[Recorded data]

BEGIN

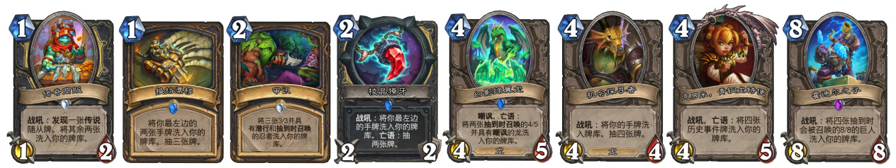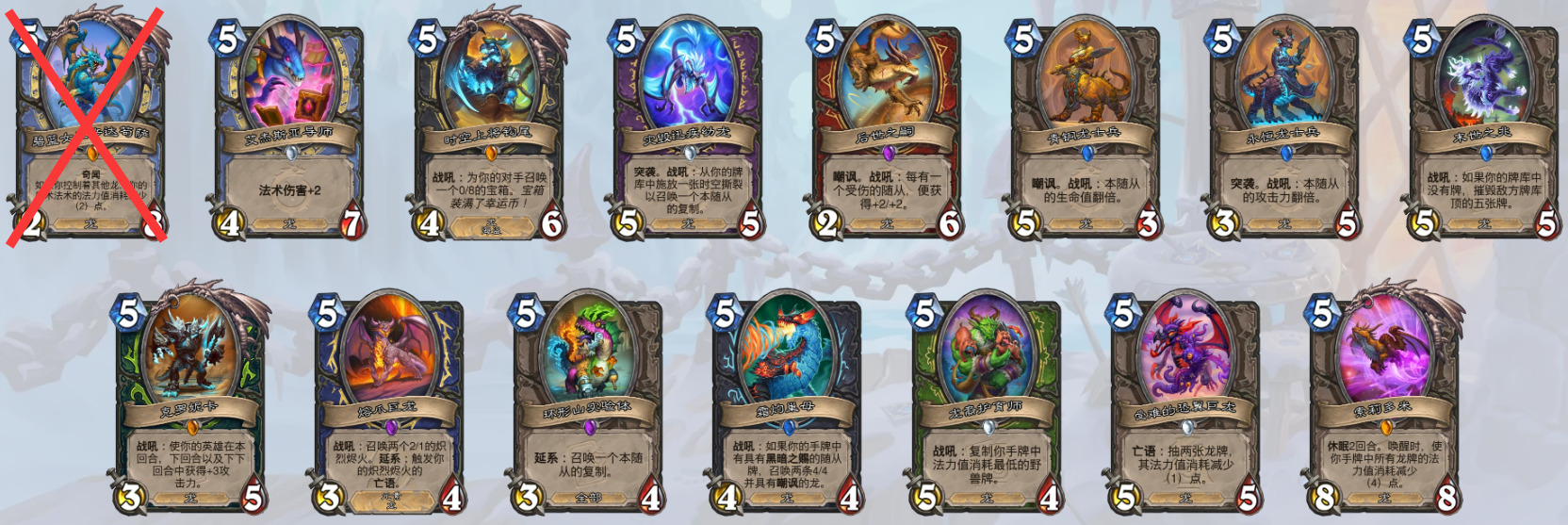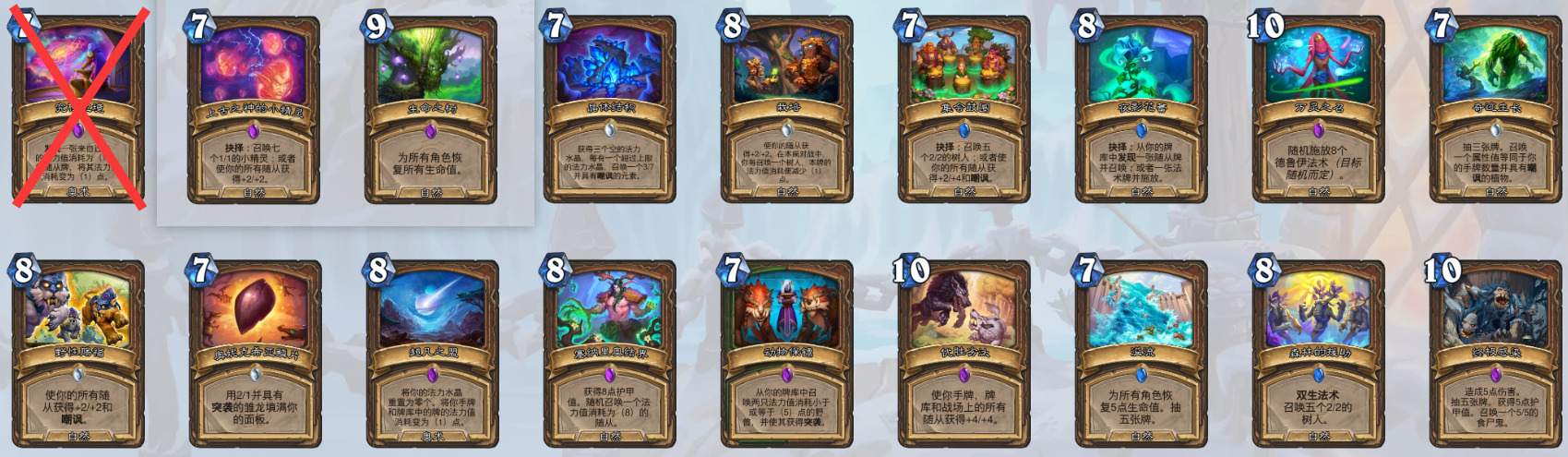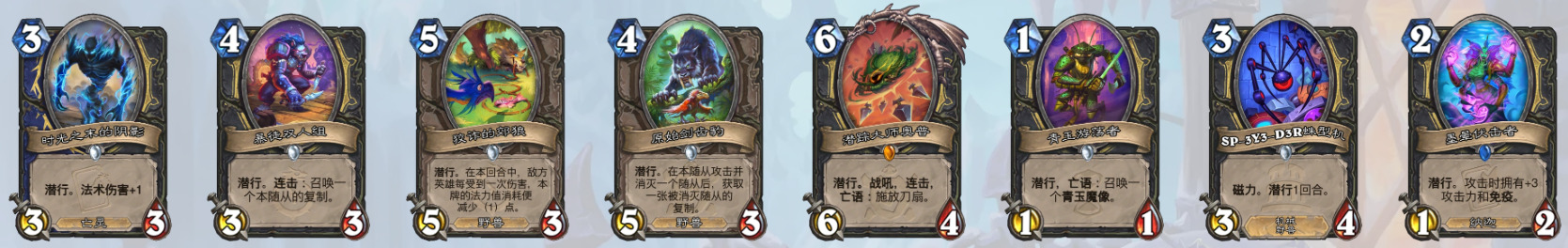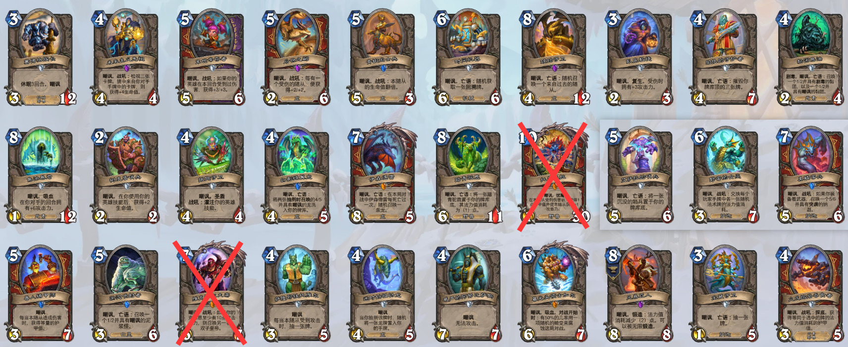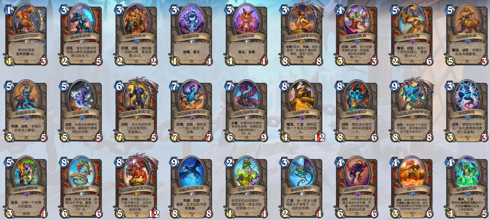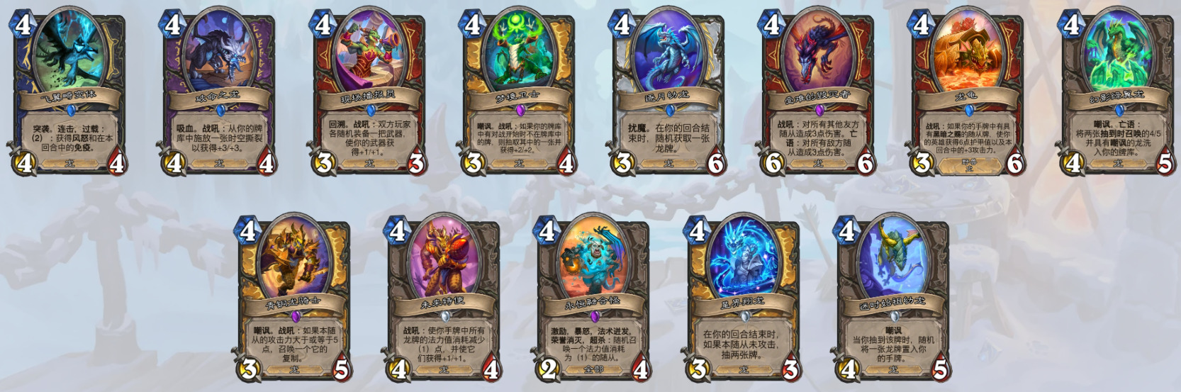 注:①不列举过于庞大的衍生卡池,例如“来自过去的随从”“1费法术”。
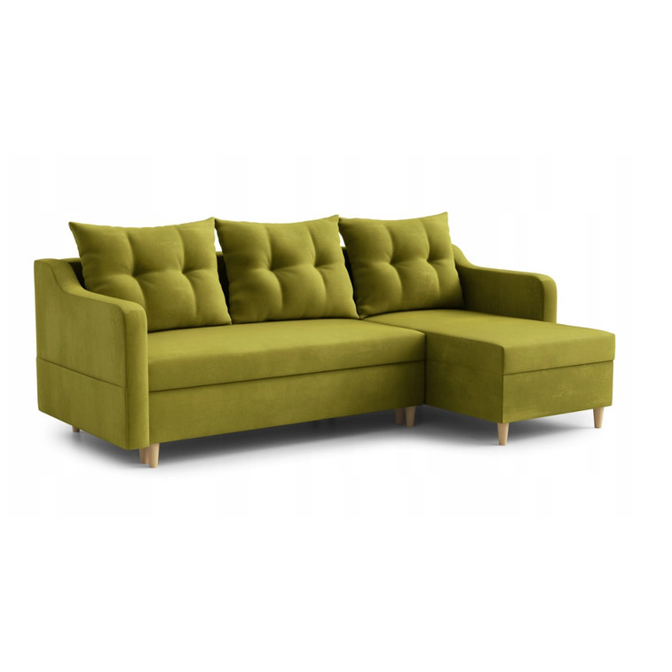 K výrobě byla použita vysoce pružná pěna T30 a bonellová pružina, díky které je sedák velmi pohodlný. Nábytek má zásobník na lůžkoviny a velké pohodlné polštáře. Prvky z masivního dřeva použité v rámu zvyšují odolnost a pevnost celé konstrukce, což se následně promítne do mnoha let bezproblémového používání. Sedačka se velmi snadno montuje a rozkládá, její montáž zabere jen pár minut. Prošívané polštáře a tvarovaná područka s funkční kapsou ji odlišují od ostatních rohových sedaček.
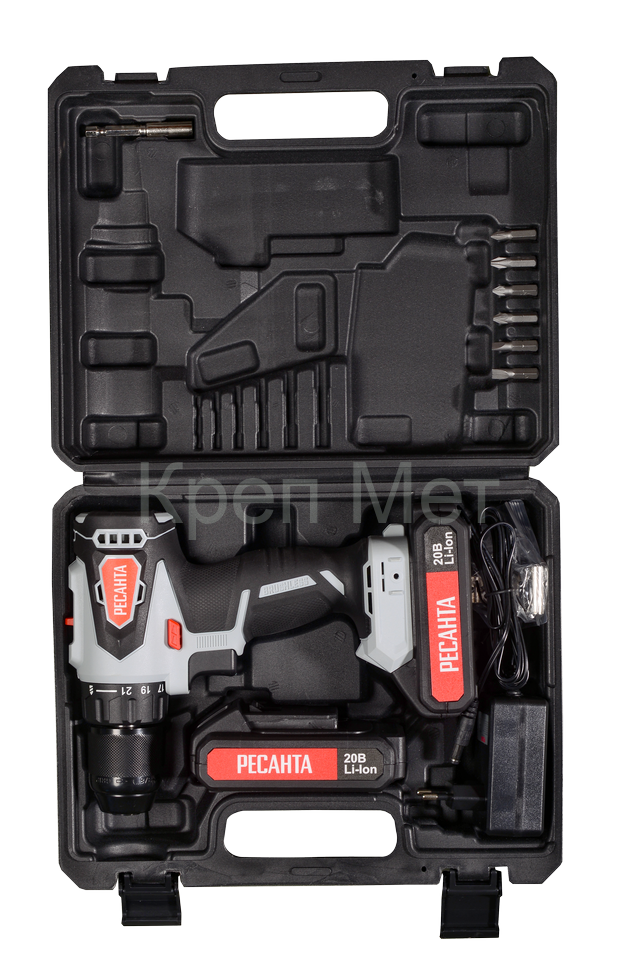 Дрель-шуруповерт аккумуляторная Ресанта ДА-20-2ЛК-Б (2,0 А/ч) (бесщеточный двигатель)
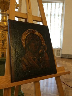 На иконе, а также на трех других вещах – вазах и книге – инвентарные номера Екатерининского и Александровского дворцов. Все эти предметы вернулись в Царское Село благодаря супругам Хармзен из Мюнхена, которые решили восстановить историческую справедливость и передали их в дар музею.
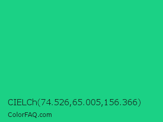CIELCh 74.526,65.005,156.366 Color is a normal green color and the nearest color is Mountain Meadow Crayola #1ab385. Hex code #1bd185 and RGB value is rgb(27,209,133). In RGB color space, this color is composed of 11% red, 82% green, 52% blue, In CMYK color space, this color is composed of 87% cyan, 0% magenta, 36% yellow , 18% black , In HSL color space, this color has a hue angle of 155° , 77% saturation and 46% lightness.
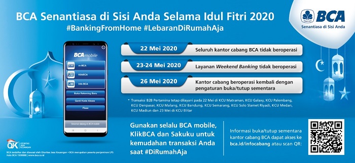 Jakarta, 20 Mei 2020 – Pada momen Hari Raya Idul Fitri 2020, PT Bank Central Asia Tbk (BCA) senantiasa berkomitmen untuk memberikan service excellence bagi seluruh nasabah setianya. Berikut penyesuaian kegiatan operasional kantor cabang BCA selama momen Idul Fitri 2020:
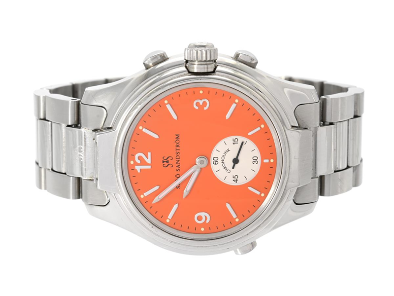 SJÖÖ SANDSTRÖM, Chronolink, Worldtimer UTC, Cal SS G2 (ETA 7001), Serial no. 2332, Ref no. WT 6202, men´s wristwatch, 40 mm, steel / titanium, analogue/manual winding, digital/quartz, sapphire crystal, small seconds hand, replaced dial (Tritium), original bracelet, folding clasp, approx. 2004, box, paper box.
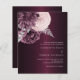 Un fond bordeaux profond décoré de fleurs bordeaux et roses, de fleurs et de feuillage faux argent. Personnalisez et ajoutez vos noms et les détails du mariage. 1 feuille = 1 invite imprimé bord à bord.
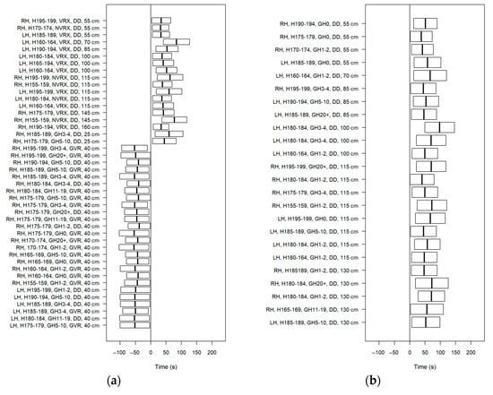 The 95% CIs of each investigated significant quintet of factors regarding the effects on distance estimation time. They are graphically split into (a,b) for better readability.

END

May I have only the lines from the start of the data through the line containing "Дрель-шуруповерт аккумуляторная Ресанта", both included, reproduced exactly and without the pictures?

 注:①不列举过于庞大的衍生卡池,例如“来自过去的随从”“1费法术”。
 K výrobě byla použita vysoce pružná pěna T30 a bonellová pružina, díky které je sedák velmi pohodlný. Nábytek má zásobník na lůžkoviny a velké pohodlné polštáře. Prvky z masivního dřeva použité v rámu zvyšují odolnost a pevnost celé konstrukce, což se následně promítne do mnoha let bezproblémového používání. Sedačka se velmi snadno montuje a rozkládá, její montáž zabere jen pár minut. Prošívané polštáře a tvarovaná područka s funkční kapsou ji odlišují od ostatních rohových sedaček.
 Дрель-шуруповерт аккумуляторная Ресанта ДА-20-2ЛК-Б (2,0 А/ч) (бесщеточный двигатель)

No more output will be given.